Chefsekretariat Koblenzer Tageskurier
„Ist mal wieder typisch, wir haben einen der sensationellen Mordfälle im Koblenzer Sportmilieu der letzten zehn Jahre und alle zuständigen Reporter sind wie im Bermuda-Dreieck verschollen“, fluchte die Chefsekretärin von Herrn Paffrath. „Mir reicht es jetzt langsam! Letzter Versuch mit einer Nachricht aufs Handy. Mit diesen Journalisten zu arbeiten ist tausendmal schlimmer, als einen Sack Flöhe zu hüten“, dachte sie.
Fast zeitgleich gaben die Smartphones von Leon und Vanessa den jeweils bevorzugten Signalton ab. Beide sollten im Auftrag vom Alten sofort gemeinsam zu einem Koblenzer Sportverein fahren. Eine Leiche sei am Basketballkorb hängend in einer Turnhalle gefunden worden.
„Wusste der Alte etwa schon wieder von dem kleinen Ausflug der beiden“, fragte sich Leon. Es würde ihn jedenfalls nicht wundern. Leon war klar, die besten Fotos und Informationen waren nur in den allerersten Minuten möglich, bevor die Polizei alles abgesperrt hatte.

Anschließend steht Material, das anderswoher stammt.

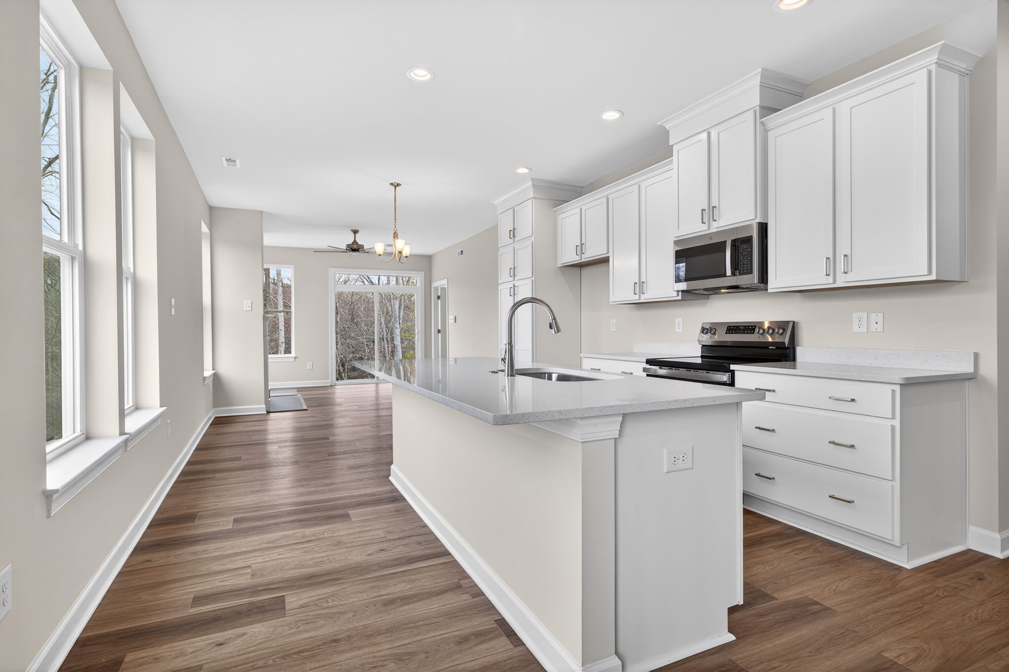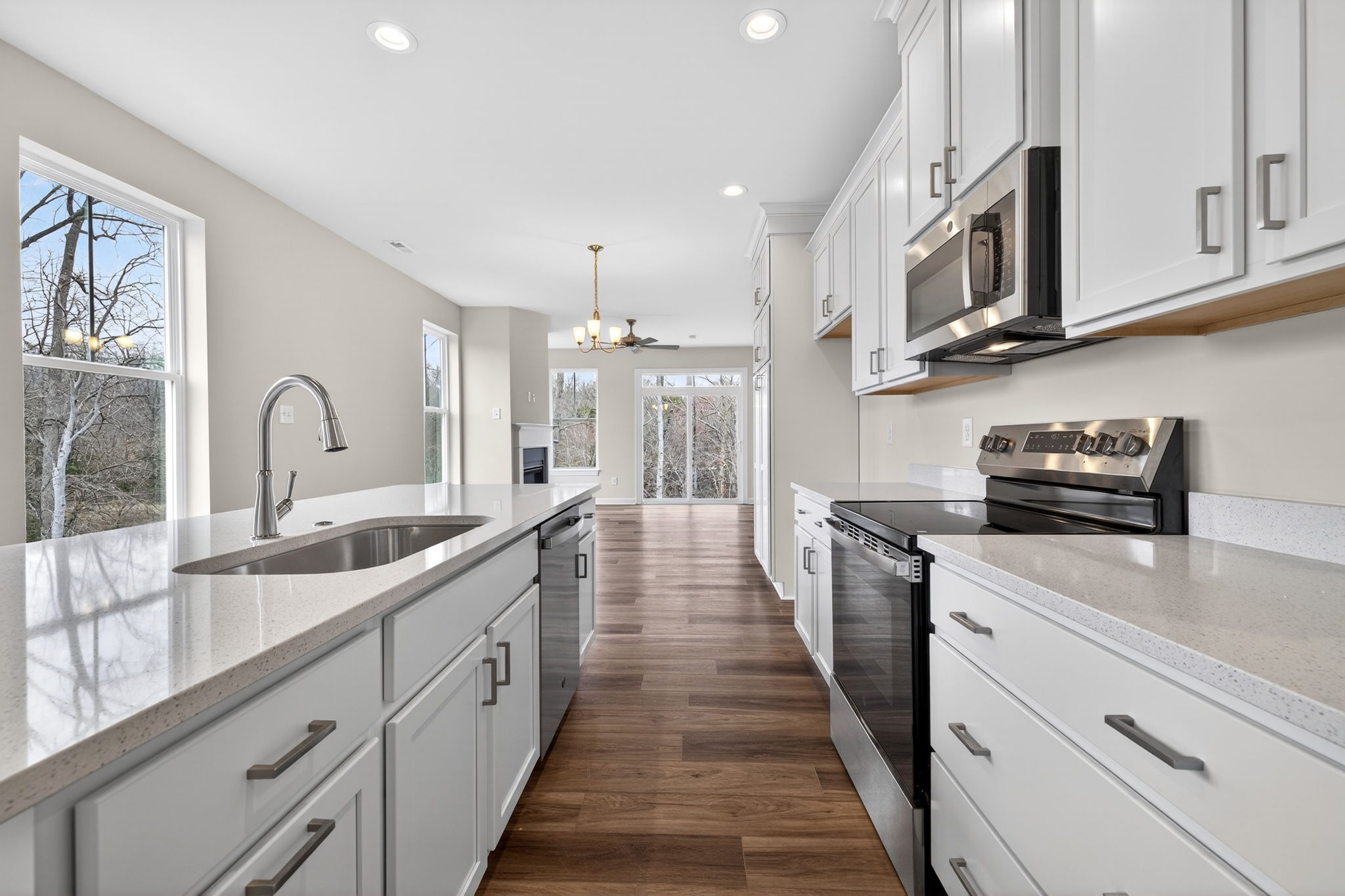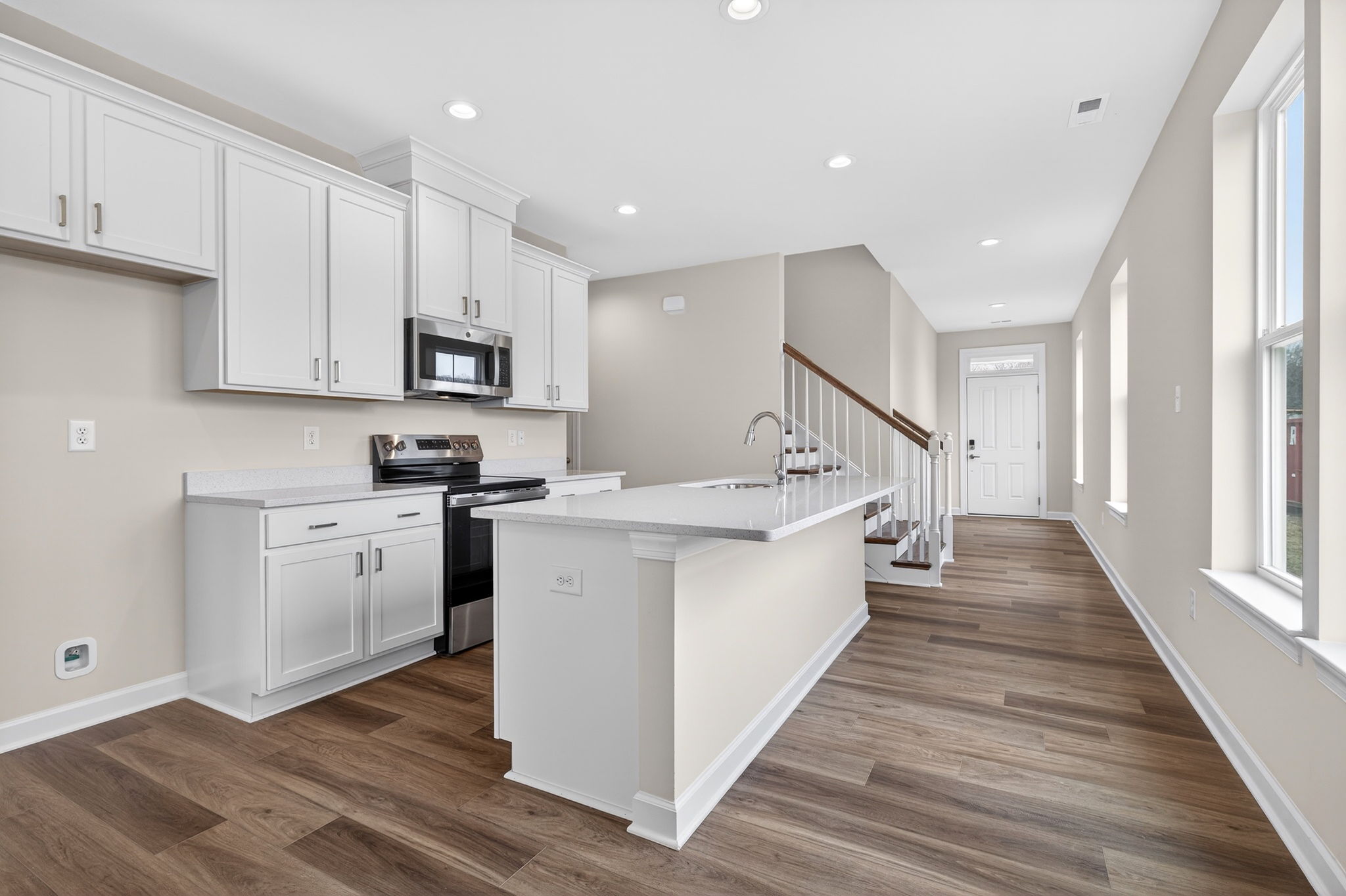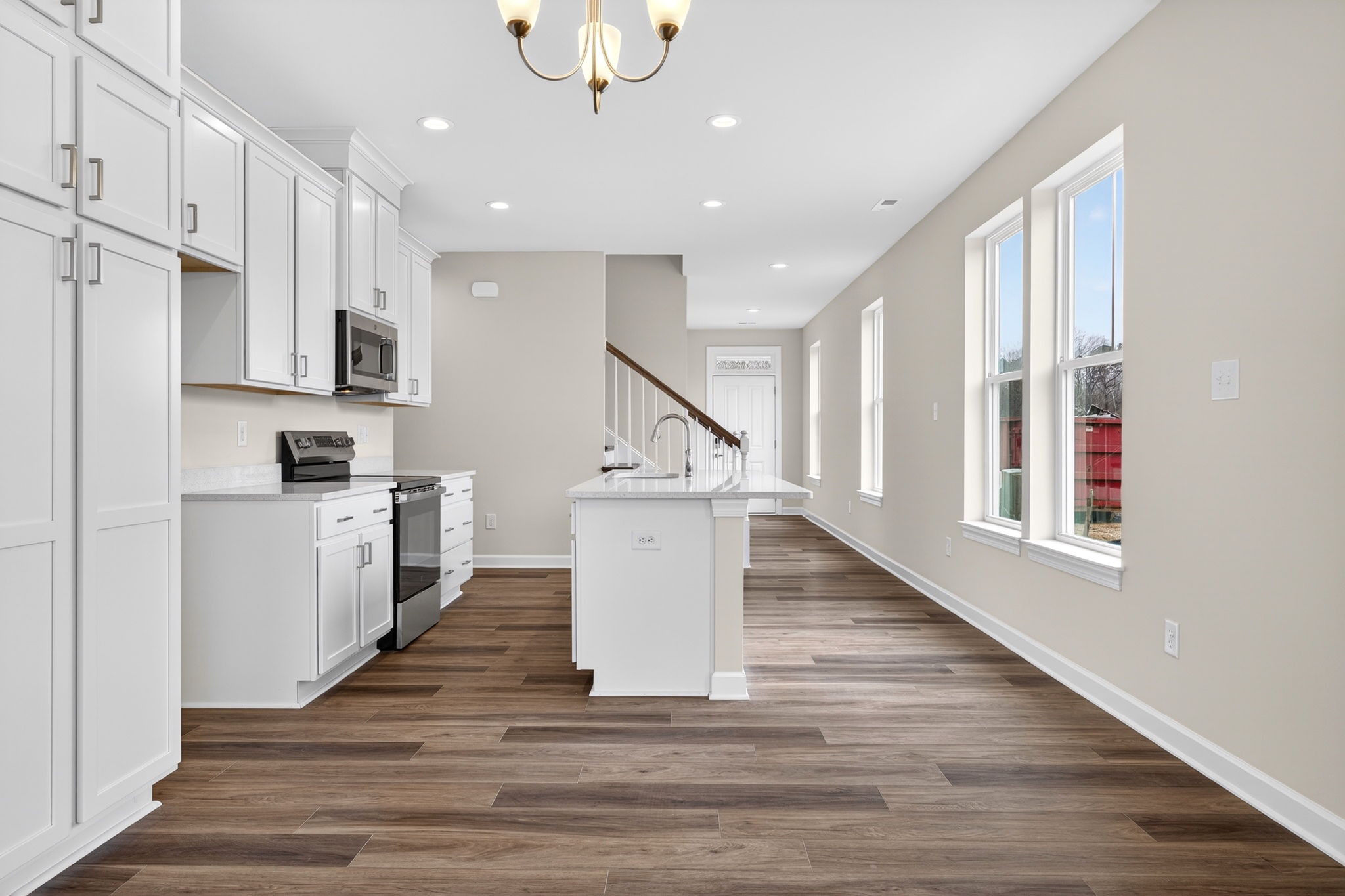 As you step into The Thomas, you are greeted by a welcoming foyer that immediately feels like home. The open layout seamlessly guides you into the heart of the house—the stunning kitchen. With its sleek countertops, state-of-the-art appliances, and ample storage, this kitchen is more than just a cooking space; it’s the setting for family breakfasts, holiday feasts, and late-night conversations over a cup of tea.

Der Tageskurier bekam seine Informationen durch diverse Kontaktleute, oft sogar bevor die Polizei zum Tatort gerufen wurde. Danach lief alles nur noch über den Pressereferenten der Polizei und war langweiliger Einheitsbrei für alle. Sollte es ein Selbstmord gewesen sein, würde die Sache ohnehin schwierig werden, denn ein alter Ehrenkodex verbat dann jegliche detaillierte Berichterstattung aus Angst vor Nachahmern.
„Was hat das überhaupt mit Sport zu tun?“, tobte Vanessa.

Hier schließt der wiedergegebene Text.